Di ritorno da Roma, dove ha partecipato per la prima volta all’assemblea generale della Conferenza episcopale Italiana, il vescovo Giovanni racconta in un’intervista al nostro settimanale le sue impressioni su questo importante appuntamento ecclesiale.
Eccellenza, questa è stata la sua prima volta all’Assemblea generale della Cei. Quali le sue impressioni?
«Trovarmi in mezzo ai 200 vescovi italiani mi ha, da una parte, fatto sentire come l’ultimo arrivato, ma dall’altra mi ha dato chiara la percezione di come al di là della nostra umanità fragile e limitata, lo Spirito Santo agisce e per il nostro tramite fa risplendere l’unità della Chiesa. Un’unità e universalità che si è respirata fin dal primo giorno, con l’incontro e il dialogo aperto con il Papa. Il clima alla Conferenza è un clima serio, di presenza: tutti noi che siamo lì, abbiamo la coscienza dell’impegno che mettiamo per guidare il cammino della Chiesa italiana. Nelle varie occasioni (nelle votazioni, negli interventi, nel dialogo) è percepibile proprio questa coscienza di dover rendere sempre più trasparente la testimonianza a Cristo, dentro la concretezza della vita di una Chiesa che è fatta anche di strutture».
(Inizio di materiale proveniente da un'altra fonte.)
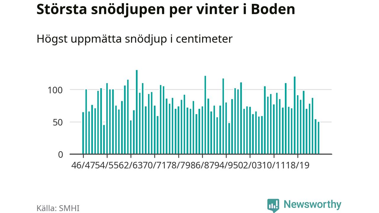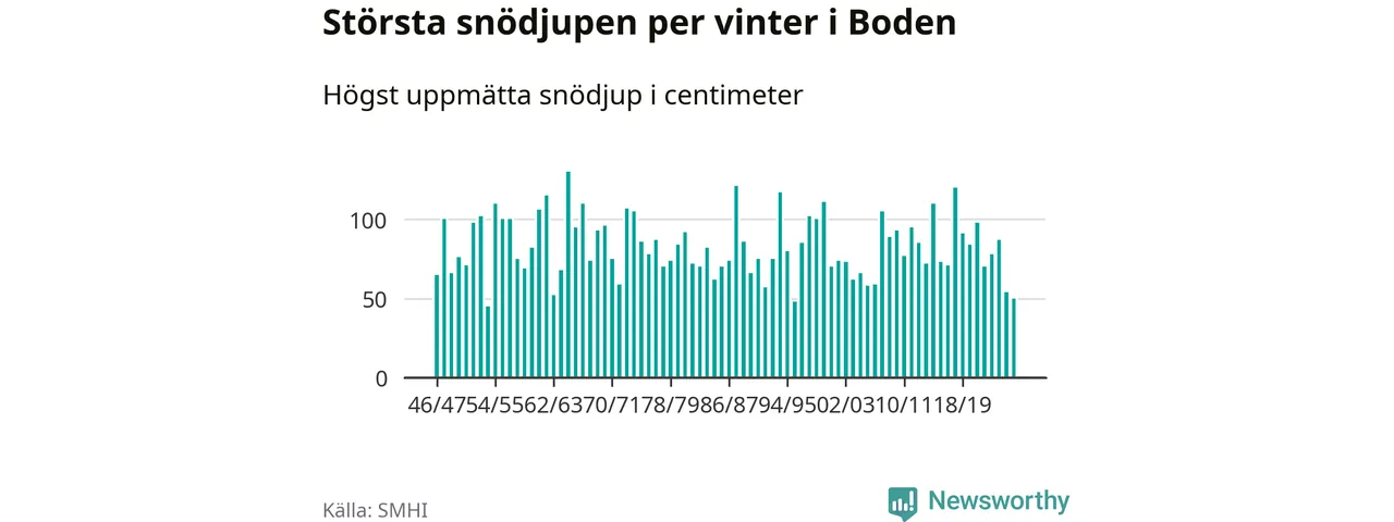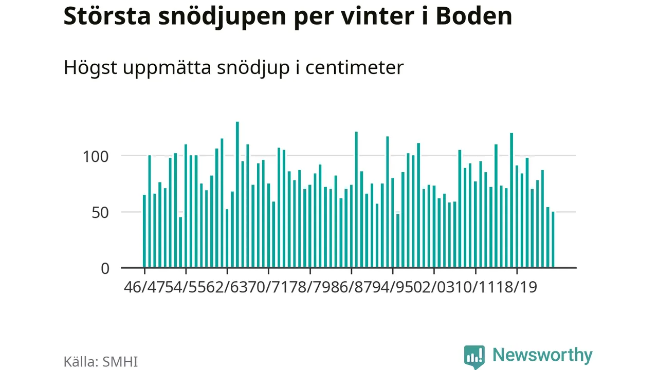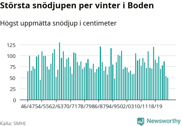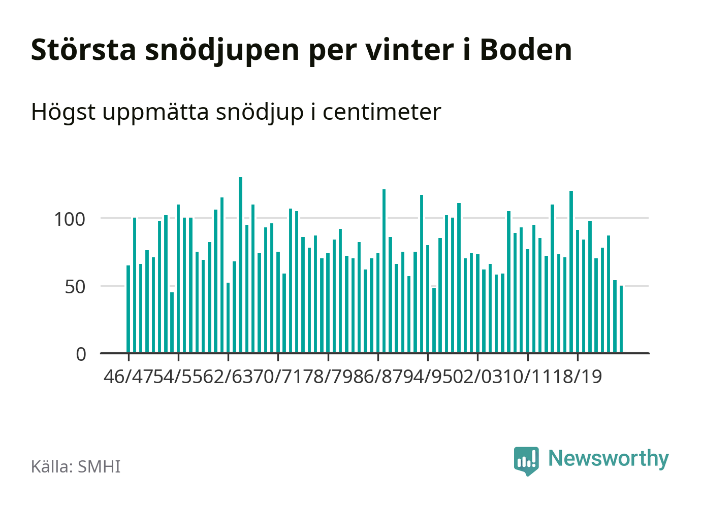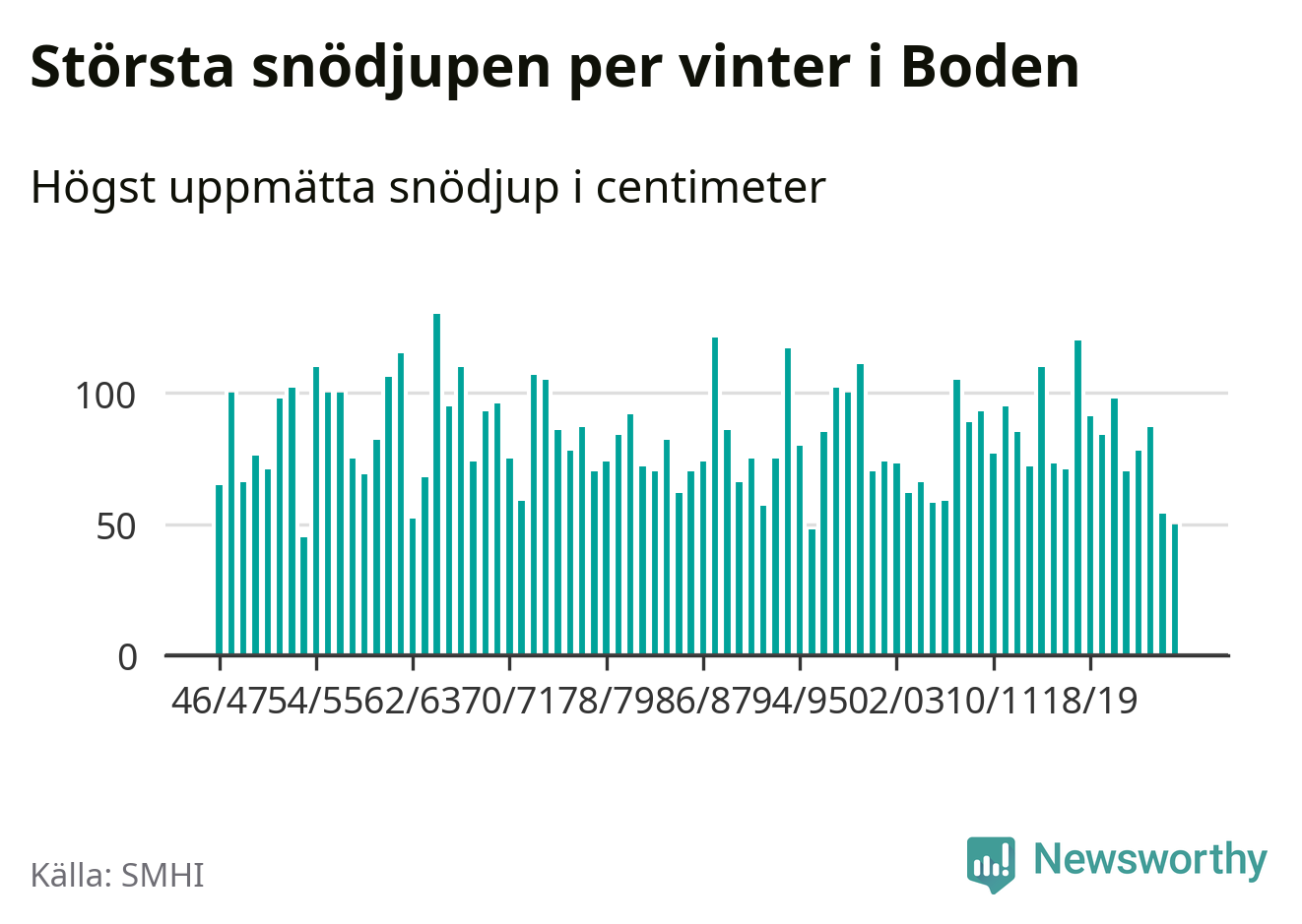 Men hur står sig det snödjupet historiskt sett? Newsworthy har tittat på det största snödjup som SMHI har uppmätt i Bodens kommun varje år sedan vintern 1946/47 – och hittills tar sig årets vinter inte in bland de 25 vintrarna med störst uppmätt snödjup i kommunen.

All’avvio dei lavori, papa Francesco ha esaminato i problemi del Paese e della Chiesa, sottolineando al contempo l’urgenza di un nuovo slancio di evangelizzazione. Da questo punto di vista quali sono state, a suo avviso, le questioni sulle quali il Santo Padre ha voluto portare maggiormente l’attenzione dei vescovi?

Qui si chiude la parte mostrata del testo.